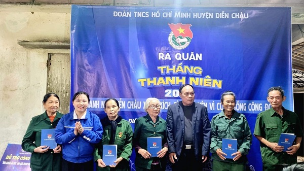 Tại huyện Diễn Châu, tuổi trẻ chú trọng các hoạt động chăm lo cho các cựu TNXP có hoàn cảnh khó khăn, trao 10 suất quà trị giá 3 triệu đồng cho 10 bác cựu TNXP; hỗ trợ 01 công trình "Nhà khoác áo mới" cho bà Hoàng Thị Lâm, cựu thanh niên xung phong xóm Vạn Nam, Diễn Vạn.
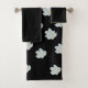 White Blossoms On Black Bath Towel Set
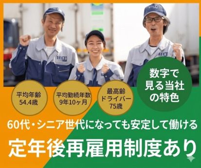 仕事内容 【この求人のPoint】 ・エリア限定求人 ・60歳定年後の再雇用あり(給与下がりません) ・昭和50年創業で安定の経営基盤 ・地元で働きたい、地元に貢献したい方にピッタリ ・トラック未経験の方も大歓迎です ・固定ルート配送でシフトも決まっていて安定 【詳しい仕事内容】 ・4tトラックで大手メーカーの食品を配送 ・近隣センター配送 ・配送先は固定!ルートを覚えれば簡単です ・つらい作業はありません 地域にパンを配送する、 地元密着の物流サービスです。 自分の配送した商品が地元の店頭に並ぶので、 地元に貢献し、街の暮らしを支える、 やりがいのあるお仕事です。 固定のルート配送ため、 一度道を覚えれば安心です。 勤務時間やシフトも決まっているため、 安定して自分のペースで働けます。 体の負担が少なく、 長く続けられるのが特徴です。 【60代以上でも給与は下がりません】 60歳定年後の再雇用制度もあるので、 シニア世代になっても、 安定した生活基盤を維持できます。 堅実な生活設計が可能な安定した職場です。 【社員向けの寮・社宅を完備!】 <入社から半年間は寮費無料!> <半年後~1年目終了までは寮費半額!> 引越しと同時にお仕事を探さしている方にもピッタリ! 勤務地からスグに社員向けの寮を完備しています。 ご希望の方にはご案内しますので、 ご応募の際に「寮希望」とお伝え下さい。 【昭和50年創業で安定の経営基盤!トラック未経験も大歓迎です!】 従業員400名以上、大手顧客を対象に規模を拡大。 成長を続ける当社は、仕事の安定はもちろん、 待遇の改善にいち早く取り組み、 評価されてきました。 研修は「焦らず・じっくり」行うことが評判です。 トップクラスの優しい研修で未経験からプロに! もちろん経験者の方も歓迎です! 最初は先輩に同乗し、 現場の研修や運転の研修をします。 勤続10年以上のスタッフも多数おりますので、 安心して勤務をはじめることができます。 定年後も継続雇用で活躍できます。 車両はドライブレコーダー、バックモニター完備。 安心して運転できる環境を整えています。
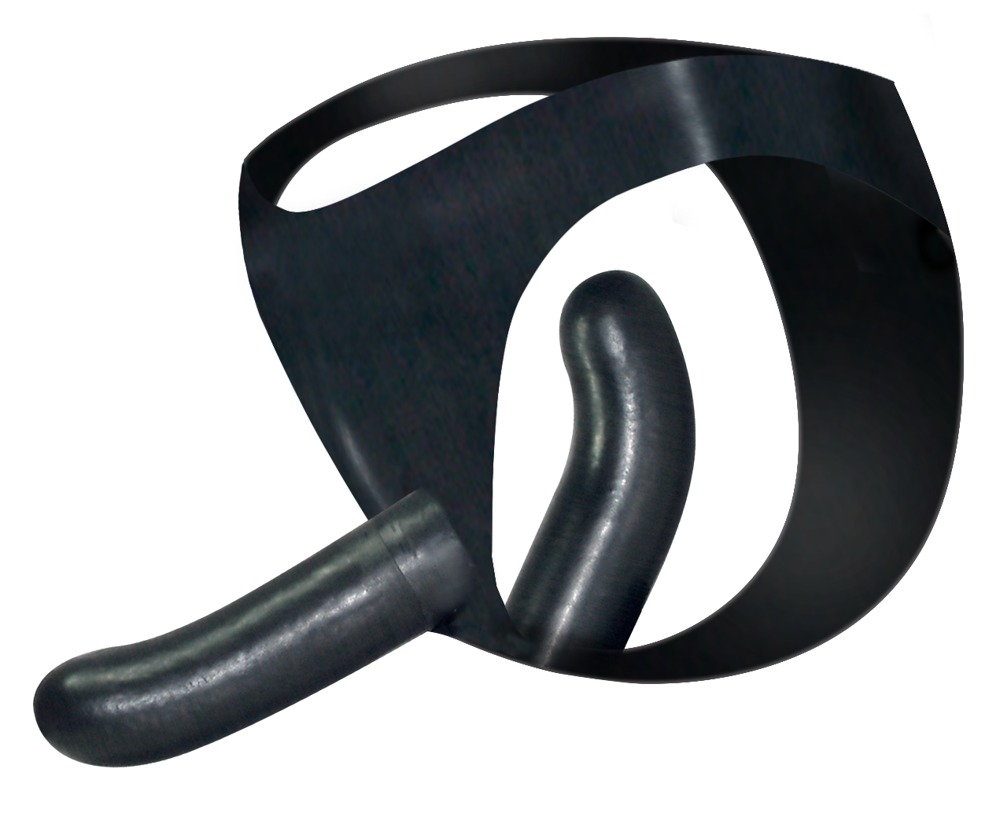 Damskie lateksowe majteczki z mocno wkomponowanymi dildami.
------------------------
**WHAT THE TASK ASKS**
Find the line that contains "仕事内容 【この求人のPoint】 ・エリア限定求人" and repeat it, along with every line after it to the end of the data, exactly; drop the pictures.

**COMPLETED TASK**
 仕事内容 【この求人のPoint】 ・エリア限定求人 ・60歳定年後の再雇用あり(給与下がりません) ・昭和50年創業で安定の経営基盤 ・地元で働きたい、地元に貢献したい方にピッタリ ・トラック未経験の方も大歓迎です ・固定ルート配送でシフトも決まっていて安定 【詳しい仕事内容】 ・4tトラックで大手メーカーの食品を配送 ・近隣センター配送 ・配送先は固定!ルートを覚えれば簡単です ・つらい作業はありません 地域にパンを配送する、 地元密着の物流サービスです。 自分の配送した商品が地元の店頭に並ぶので、 地元に貢献し、街の暮らしを支える、 やりがいのあるお仕事です。 固定のルート配送ため、 一度道を覚えれば安心です。 勤務時間やシフトも決まっているため、 安定して自分のペースで働けます。 体の負担が少なく、 長く続けられるのが特徴です。 【60代以上でも給与は下がりません】 60歳定年後の再雇用制度もあるので、 シニア世代になっても、 安定した生活基盤を維持できます。 堅実な生活設計が可能な安定した職場です。 【社員向けの寮・社宅を完備!】 <入社から半年間は寮費無料!> <半年後~1年目終了までは寮費半額!> 引越しと同時にお仕事を探さしている方にもピッタリ! 勤務地からスグに社員向けの寮を完備しています。 ご希望の方にはご案内しますので、 ご応募の際に「寮希望」とお伝え下さい。 【昭和50年創業で安定の経営基盤!トラック未経験も大歓迎です!】 従業員400名以上、大手顧客を対象に規模を拡大。 成長を続ける当社は、仕事の安定はもちろん、 待遇の改善にいち早く取り組み、 評価されてきました。 研修は「焦らず・じっくり」行うことが評判です。 トップクラスの優しい研修で未経験からプロに! もちろん経験者の方も歓迎です! 最初は先輩に同乗し、 現場の研修や運転の研修をします。 勤続10年以上のスタッフも多数おりますので、 安心して勤務をはじめることができます。 定年後も継続雇用で活躍できます。 車両はドライブレコーダー、バックモニター完備。 安心して運転できる環境を整えています。
 Damskie lateksowe majteczki z mocno wkomponowanymi dildami.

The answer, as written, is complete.